Monday, November 23, 2009

Eureka! (the delayed genius)

12:52 AM, slumped on my bed. Was asleep for the past 5 hours because I had to be at the restaurant for (ooohhh lala!) Jazz Brunch. Luckily, I was grilling outside, so yeah... I got to people watch. The Sunday crowd was typical. Dark sunglasses for those who sat outside at the patio all due to the effects of the previous night's festivities.

The day went by quick. I drove to work with the sun blazing, hurting my sleepy eyes at 7-ish, and when I got off, the sun had retreated to it's pouch somewhere in the sky. I was on autopilot for most of the day. I only lapsed into little three minute snippets of consciousness, and then buzz... back to autopilot.

The only thing worth noting out of these little lightbulbs going on in my head (I confess, it's the only thing I remember!) is when I asked myself, "What would really make you happy, ahora mismo?".

Oui. I had an answer (surprise again!). It involves headphones, piano keys and a drum machine that I haven't touched since ____________.

Thursday, November 5, 2009

15 minutes to breathe.

I had just finished a "satisfactory" (according to my standards) review of Slumdog Millionaire for my film criticism unit.

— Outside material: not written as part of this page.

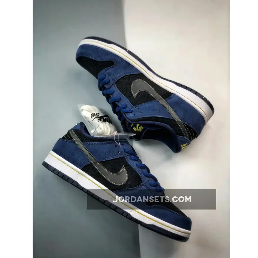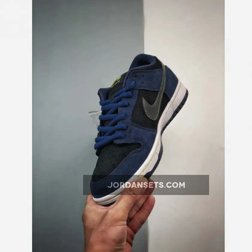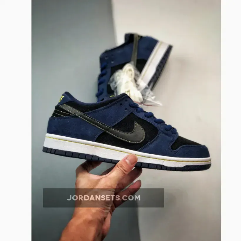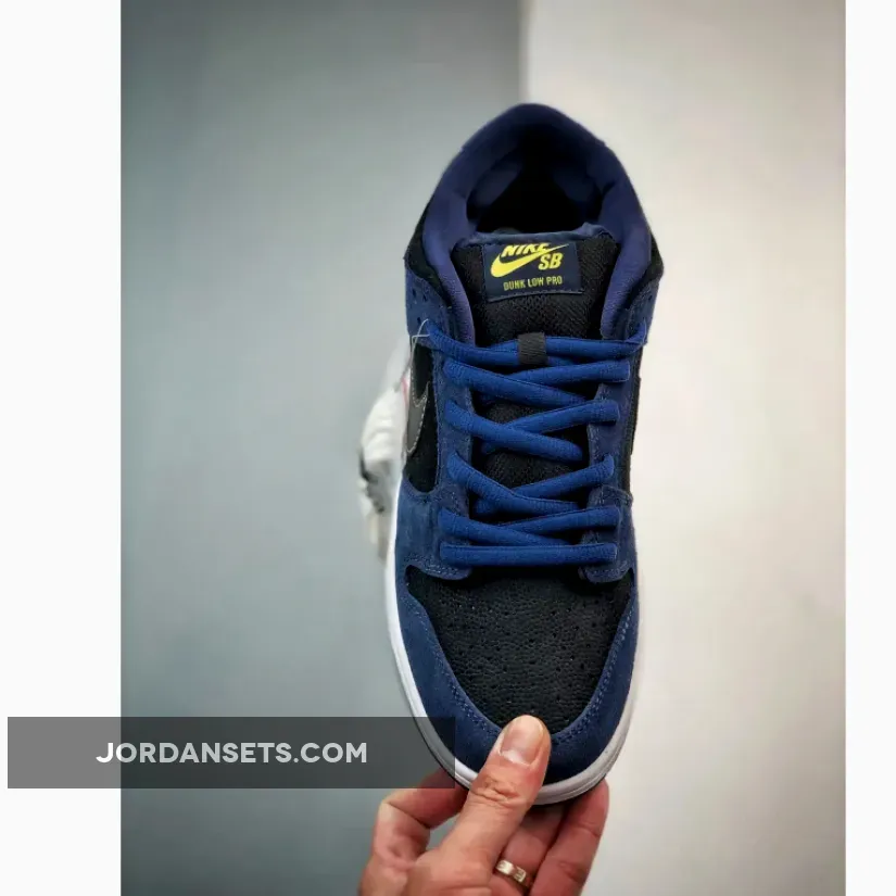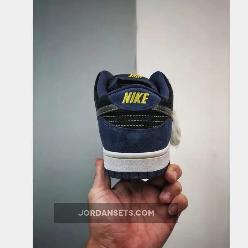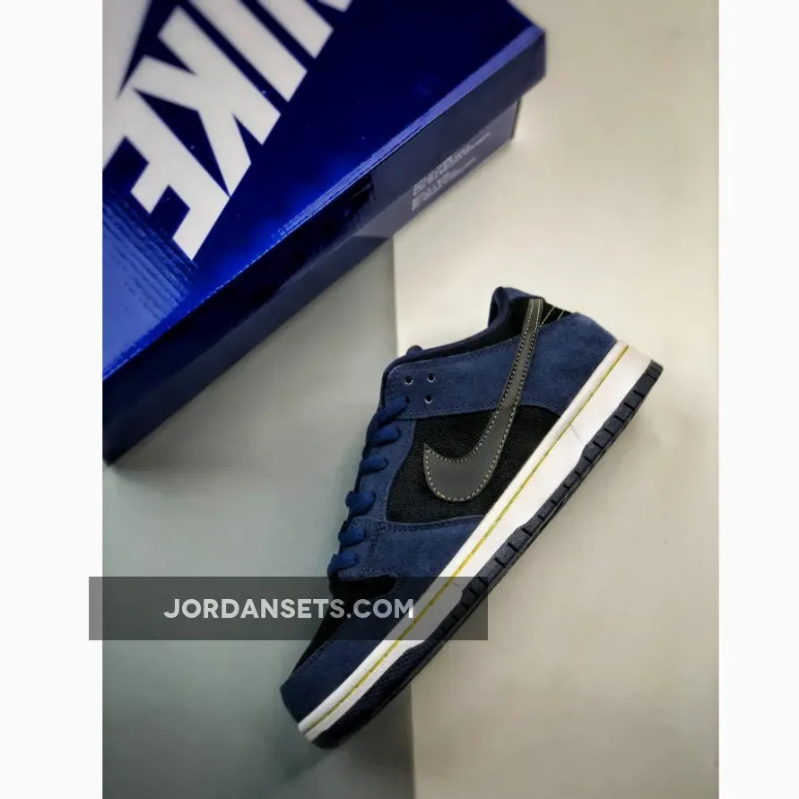 This Nike SB introduce the Dunk Low Pro Midnight Navy/Black in an understated pebbled leather composition. Opposite its patterned leather panels, Midnight Navy suede, yellow stitchwork and embroidery finish off the colorway.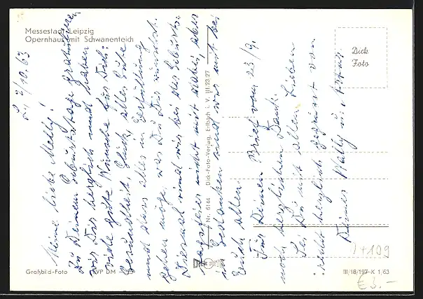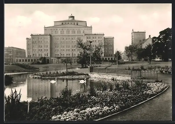 AK Leipzig, Opernhaus mit Schwanenteich

It took me around 2 hours to fashion 4 paragraphs worth of inspired writing to finish this assignment. Not that I'm counting, but lately the obvious lack of chill time has been gnawing at me. It's one thing when you know you're expending your efforts into something worthwhile, but it's also another to actually realize that you have no time left to bullshit and lollygag.

During those moments of personal epiphany, I wish I had the luxury of just curling up into a ball and throwing my favorite blanket over me. I really wish I had 48 hours to wallow in my state of non-ado. But, alas. Yo no tengo mucha suerte ahora.

The brighter side of the picture is that I've learned to just let things go. What else can I do, right? Let the demands of the day crash into me like a 20 foot tidal wave. I'll somehow manage to swim.

And for those times when I feel absolutely depleted, when I can no longer understand myself and all the jibber-jabber lying around in my head starts to come alive to incessantly annoy me, at least I can still hit the mat and do vinyasa.

Yes, yoga will save the world eventually.